Accueil | Culture | Samira Mazaal, photographe star du sud de l’Irak

Samira Mazaal, photographe star du sud de l’Irak


Samira a tiré profit des codes conservateurs de la société : les pères de famille préféraient savoir qu'une femme photographiait filles et épouses, plutôt qu'un homme. (Photo AFP)

Ancienne prisonnière politique et célèbre photographe dans le sud traditionaliste de l’Irak, Samira Mazaal continue à 77 ans de défier les codes et faire défiler les habitants d’Amarah devant l’objectif de son studio.

« Des paysans aux intellectuels, je les ai tous photographiés. J’ai photographié Amarah dans toute sa beauté, je suis allée au cœur des marais» tout proches, résume Samira Mazaal. Pour une photo de passeport ou pour immortaliser un couple de futurs mariés avant la noce, tout le monde se presse au «Studio Samira». À Amarah, petite ville des bords du Tigre, près de la frontière avec l’Iran, la photographe de 77 ans est une célébrité.

Avec simplicité, elle raconte comment, dès 16 ans, elle devint la première femme photographe de sa province, malgré des réticences familiales dans l’Irak des années 1960. Puis son engagement politique, presque malgré elle, qui lui valut emprisonnement et torture. «Ma famille n’a pas connu d’autre métier, nous sommes tous photographes», confie Samira, son hijab noir encadrant son visage ridé.

Il n’y a pas un foyer dans toute la province de Missane qui ne connaisse pas Samira, la photographe

Tapissant les murs, de vieilles photos encadrées, en noir et blanc ou aux couleurs passées : on la voit à différents âges, le plus souvent avec un appareil photo. Dans des albums, elle conserve ses clichés ethnographiques qui narrent un Irak d’un autre temps. Des femmes, tout de noir vêtues, transportent d’immenses ballots en équilibre sur la tête. Une paysanne souriante, robe fleurie et cheveux tressés, se tient près d’une vache. Une mère et son enfant remplissent une marmite d’eau au fleuve.

De père en fille

Précurseur, son père est l’un des premiers à introduire la photographie dans la province. «J’ai demandé à mon père de m’initier. Il m’a dit : « Non, tu es encore jeune, tu ne peux pas, la société est cruelle »», se souvient la septuagénaire, mère de deux enfants. Il sera bientôt contraint de changer d’avis. Devenu aveugle après une opération ratée, il ne peut plus subvenir aux besoins de sa famille. Sa fille prend la relève. Elle utilise d’abord le daguerréotype, puis son père vend un terrain pour lui acheter un appareil plus moderne. «Mon studio a connu un succès contre-nature», s’amuse-t-elle. «Parce que j’étais une jeune femme, je pouvais prendre en photo les familles.»

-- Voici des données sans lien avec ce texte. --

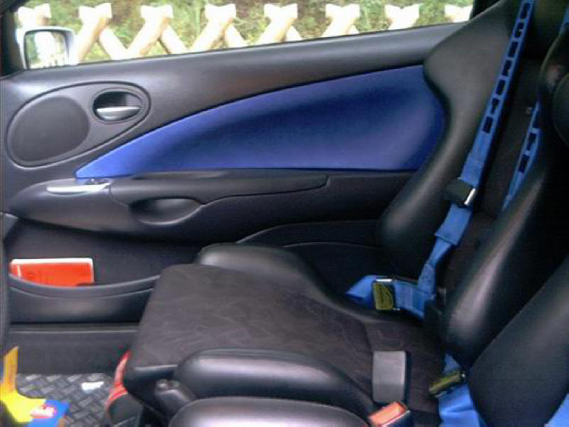 Halbschalensitze mit Gurtdurchführung, schwarzes Kunstleder und Textil

Paradoxalement, Samira a tiré profit des codes conservateurs de la société : les pères de famille préféraient savoir qu’une femme photographiait filles et épouses, plutôt qu’un homme. «Il n’y a pas un foyer dans toute la province de Missane qui ne connaisse pas Samira, la photographe», reconnaît Bassem al-Zoubaidi, un client. «Ma génération a connu Samira, car on venait s’y faire photographier. La génération précédente a été témoin de son militantisme politique», poursuit le quadragénaire.

«Source de fierté»

En 1963, dans un Irak déchiré par les révolutions et leur lot de répressions sanglantes, Samira, alors adolescente, ne se doute pas qu’un tract communiste la mènera derrière les barreaux. Après un coup d’État des baasistes qui porte au pouvoir le général Abdel Salam Aref, elle reçoit à son atelier la visite de trois militants qui lui demandent de reproduire en masse un tract dénonçant le nouveau régime.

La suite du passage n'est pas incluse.